I’ve talked at length in previous blogs and articles about employee engagement, but now I’m going to address a political hot potato – that thing that many people in organisations all know, all whisper about around the water cooler, but won’t say out loud, and that is the staffing model. How many of us have been in situations where our colleagues have gone off on long holidays or unfortunately have gone off sick for a long period of time, or fortunately have had children? What happens with the rest of us? Almost always, our organisation asks us to pick up the slack. So for a long period of time we’re not just trying to fulfil our roles, but we’re trying to fulfil someone else’s role as well. But do we receive both titles? No. Do we receive two salaries? No. Are we rewarded in any way by our organisations? Typically not. In fact, in many ways we’re often punished. What do I mean by that? Well, think about what happens during one’s annual review. Your boss or HR might say, ‘Well look, you didn’t achieve these objectives,’ and you’re thinking, ‘Yeah, I didn’t fully achieve those objectives because I was trying to achieve those objectives and someone else’s objectives while trying not to keel over from exhaustion!’

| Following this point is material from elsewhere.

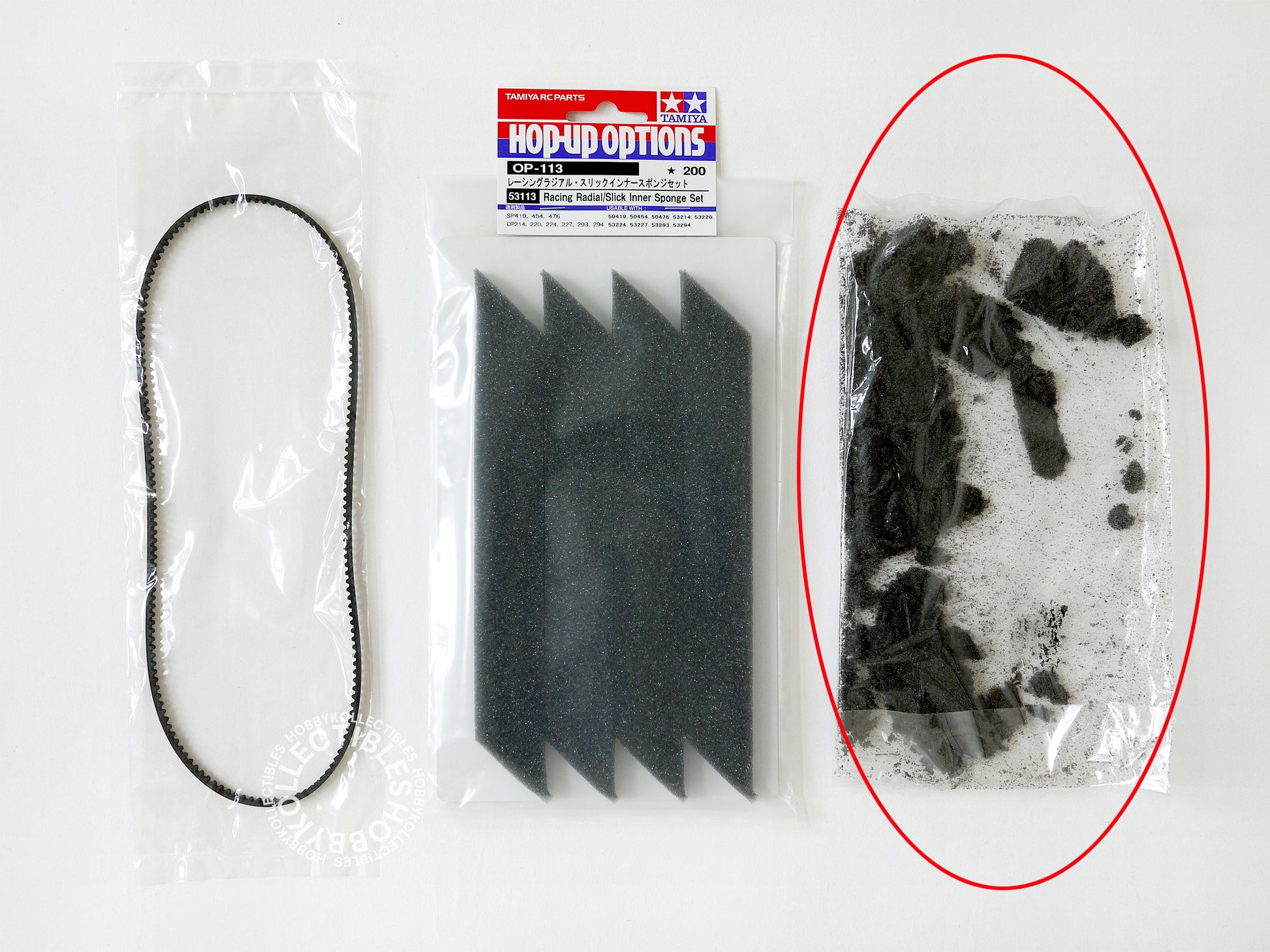 RE: The inner sponge set has been damaged due to natural ageing but a brand new Tamiya hop up options #53113 inner sponge set for replacement will be included in this kit.

So our organisations might philosophically say we have just the right number of people to fulfil all the roles required. In reality, architecturally our organisations are chronically understaffed, and that creates an enormous engagement problem.

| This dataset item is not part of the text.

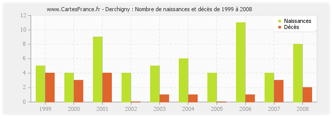 - Derchigny en 2008 : 8 naissances et 2 décès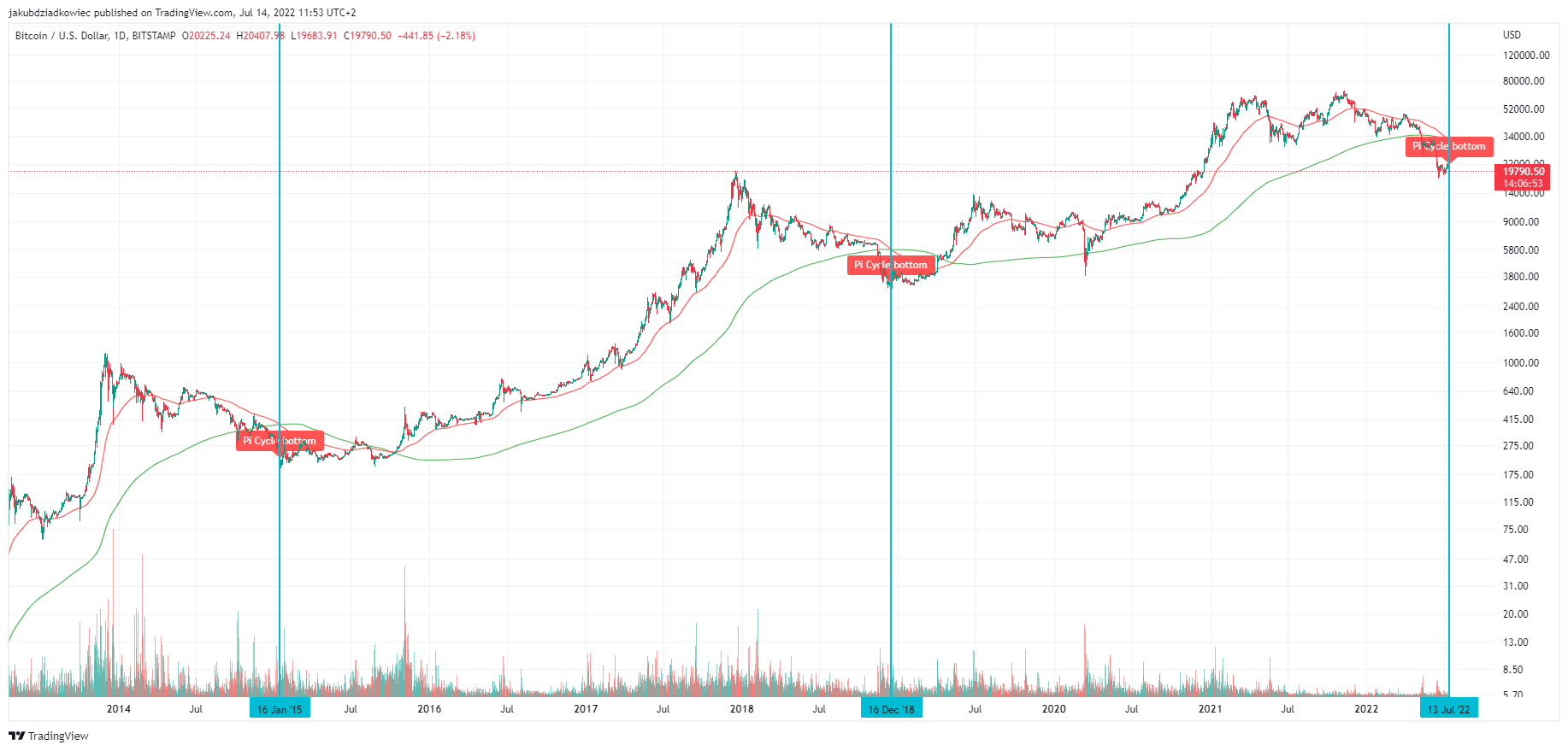 Pod koniec zeszłego miesiąca BeInCrypto przedstawiło analizę, według której wskaźnik Pi Cycle Bottom miał zapalić się w dniu 9 lipca. Stało się to jednak wczoraj, w dniu 13 lipca, gdy BTC spadła do poziomu 18 900 USD.

Think about what happens when organisations downsize and they tell teams, ‘Okay, yes, we know you had to do x amount of work with six people but now you have to do x amount of work with two people, but don’t worry’, the organisation says, ‘After six months we’ll revisit. This is just temporary.’ And we all know what happens: Two years later you look back and you think, ‘Huh!  We’re still in exactly the same position. We’re all working umpteen hours a day, and this was all supposed to be temporary!’ Organisations sometimes claim: ‘We have just in time hiring. As soon as we see a gap we will hire.’  I say that’s almost always nonsense. Organisations typically do not do that. They tacitly expect their people to pick up the slack. And if they are going to do that, then at least be honest with employees. When you do put them under that stress of having to work two or three jobs for the same title for the same salary for long stretches, then, even better than simply being honest about it, reward them for it and watch what will happen to your employee engagement when you combine transparency with recognition.  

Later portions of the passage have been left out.